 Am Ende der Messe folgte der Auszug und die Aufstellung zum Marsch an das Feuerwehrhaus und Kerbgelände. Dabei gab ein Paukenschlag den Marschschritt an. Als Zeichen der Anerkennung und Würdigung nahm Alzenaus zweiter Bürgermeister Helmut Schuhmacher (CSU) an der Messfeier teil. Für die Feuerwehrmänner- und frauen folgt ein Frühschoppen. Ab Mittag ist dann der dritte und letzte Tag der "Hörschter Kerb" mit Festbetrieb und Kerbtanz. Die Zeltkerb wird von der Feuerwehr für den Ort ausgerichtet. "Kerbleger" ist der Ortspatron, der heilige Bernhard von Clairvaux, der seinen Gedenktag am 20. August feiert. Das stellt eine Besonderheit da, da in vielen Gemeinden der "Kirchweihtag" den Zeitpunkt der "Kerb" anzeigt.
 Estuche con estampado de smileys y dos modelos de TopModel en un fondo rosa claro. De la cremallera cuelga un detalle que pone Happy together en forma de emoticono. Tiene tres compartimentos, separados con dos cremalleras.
────────────────
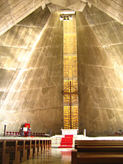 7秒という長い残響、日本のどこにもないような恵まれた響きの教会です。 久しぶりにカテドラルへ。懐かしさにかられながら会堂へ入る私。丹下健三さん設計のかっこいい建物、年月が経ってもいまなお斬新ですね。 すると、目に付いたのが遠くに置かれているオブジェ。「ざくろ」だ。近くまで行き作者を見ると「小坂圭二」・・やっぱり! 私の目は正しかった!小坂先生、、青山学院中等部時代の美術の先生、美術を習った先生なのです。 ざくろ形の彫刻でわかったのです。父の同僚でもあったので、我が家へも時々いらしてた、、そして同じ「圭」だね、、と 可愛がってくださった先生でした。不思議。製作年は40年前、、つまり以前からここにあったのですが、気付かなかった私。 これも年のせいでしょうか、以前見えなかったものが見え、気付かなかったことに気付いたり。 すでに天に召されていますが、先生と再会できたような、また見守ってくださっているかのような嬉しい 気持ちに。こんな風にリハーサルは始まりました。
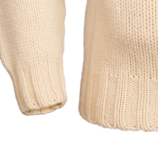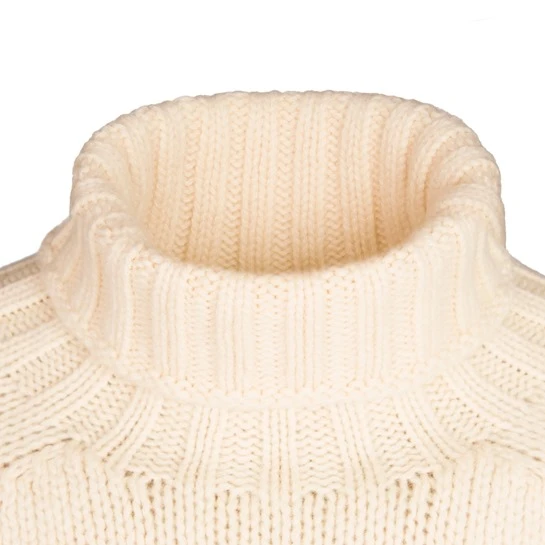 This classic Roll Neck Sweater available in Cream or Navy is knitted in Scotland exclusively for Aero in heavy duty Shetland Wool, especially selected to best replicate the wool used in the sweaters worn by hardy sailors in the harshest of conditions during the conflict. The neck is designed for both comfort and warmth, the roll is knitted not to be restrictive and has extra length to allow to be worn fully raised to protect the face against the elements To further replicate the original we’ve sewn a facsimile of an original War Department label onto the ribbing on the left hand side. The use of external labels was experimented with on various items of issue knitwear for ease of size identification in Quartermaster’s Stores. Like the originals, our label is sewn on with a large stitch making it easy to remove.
────────────────
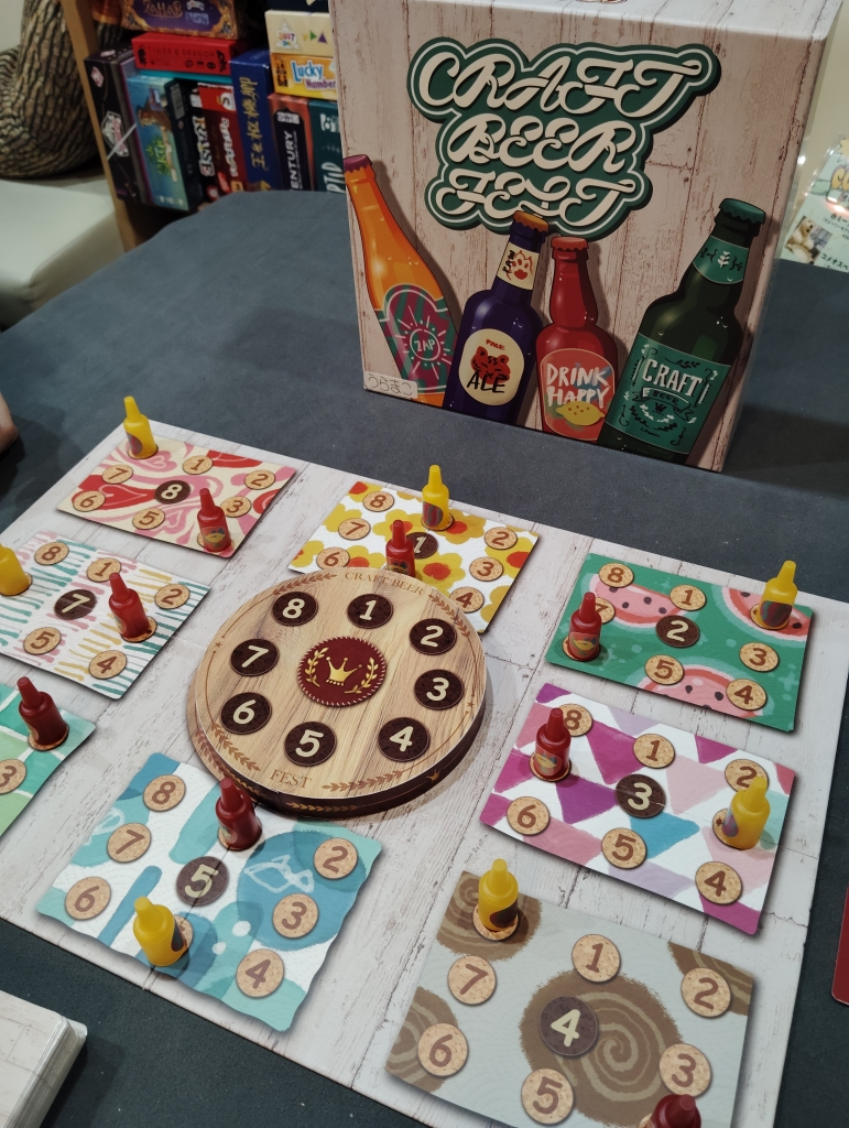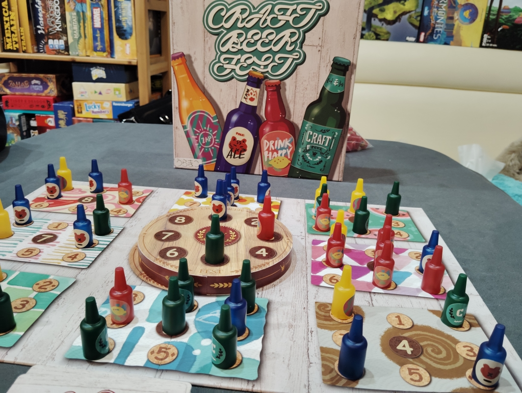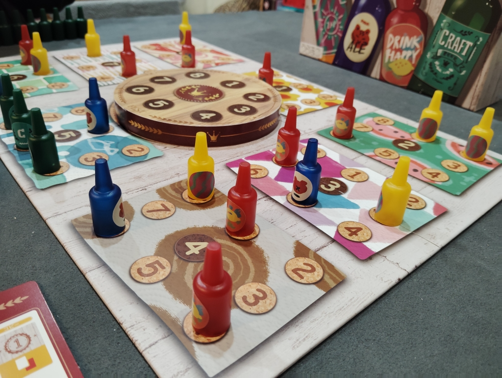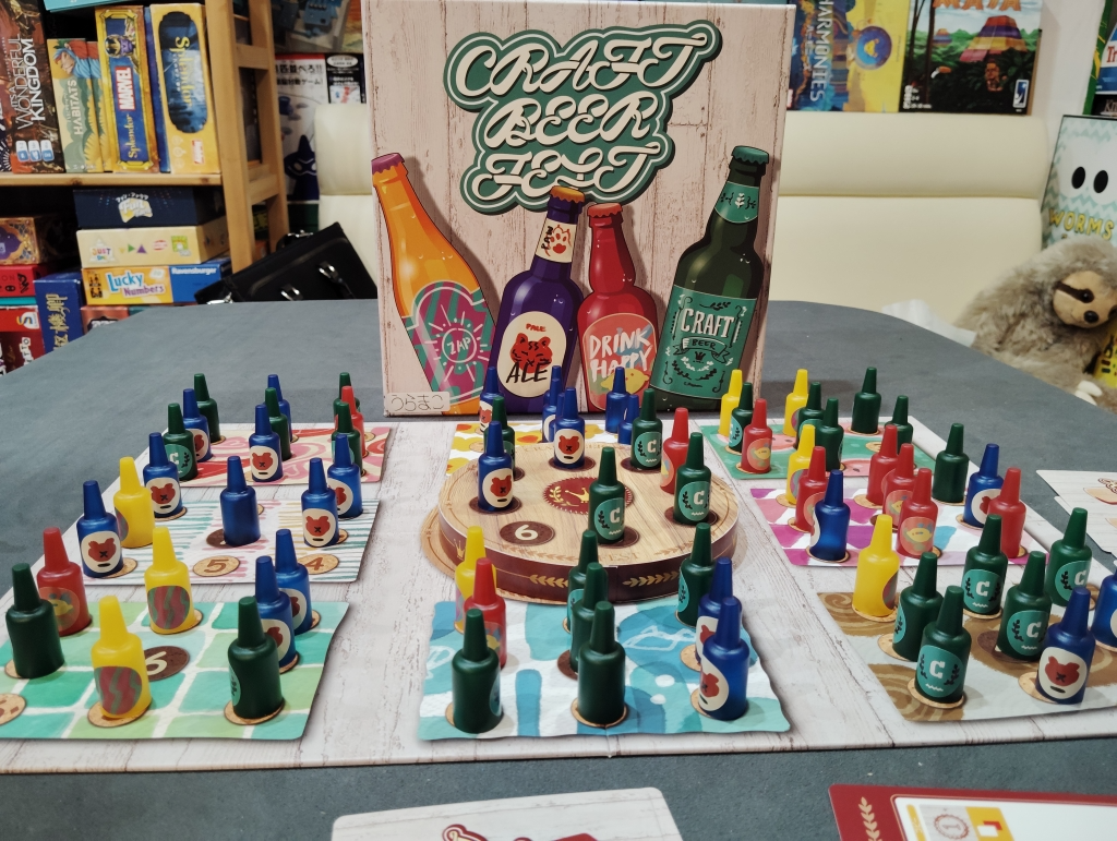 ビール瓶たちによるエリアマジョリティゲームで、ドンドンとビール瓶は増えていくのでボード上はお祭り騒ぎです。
────────────────
Scan the lines above for "Am Ende der" and for "Estuche con estampado". Repeat exactly the line holding each of them and every line in between.

» Output of the exercise:
 Am Ende der Messe folgte der Auszug und die Aufstellung zum Marsch an das Feuerwehrhaus und Kerbgelände. Dabei gab ein Paukenschlag den Marschschritt an. Als Zeichen der Anerkennung und Würdigung nahm Alzenaus zweiter Bürgermeister Helmut Schuhmacher (CSU) an der Messfeier teil. Für die Feuerwehrmänner- und frauen folgt ein Frühschoppen. Ab Mittag ist dann der dritte und letzte Tag der "Hörschter Kerb" mit Festbetrieb und Kerbtanz. Die Zeltkerb wird von der Feuerwehr für den Ort ausgerichtet. "Kerbleger" ist der Ortspatron, der heilige Bernhard von Clairvaux, der seinen Gedenktag am 20. August feiert. Das stellt eine Besonderheit da, da in vielen Gemeinden der "Kirchweihtag" den Zeitpunkt der "Kerb" anzeigt.
 Estuche con estampado de smileys y dos modelos de TopModel en un fondo rosa claro. De la cremallera cuelga un detalle que pone Happy together en forma de emoticono. Tiene tres compartimentos, separados con dos cremalleras.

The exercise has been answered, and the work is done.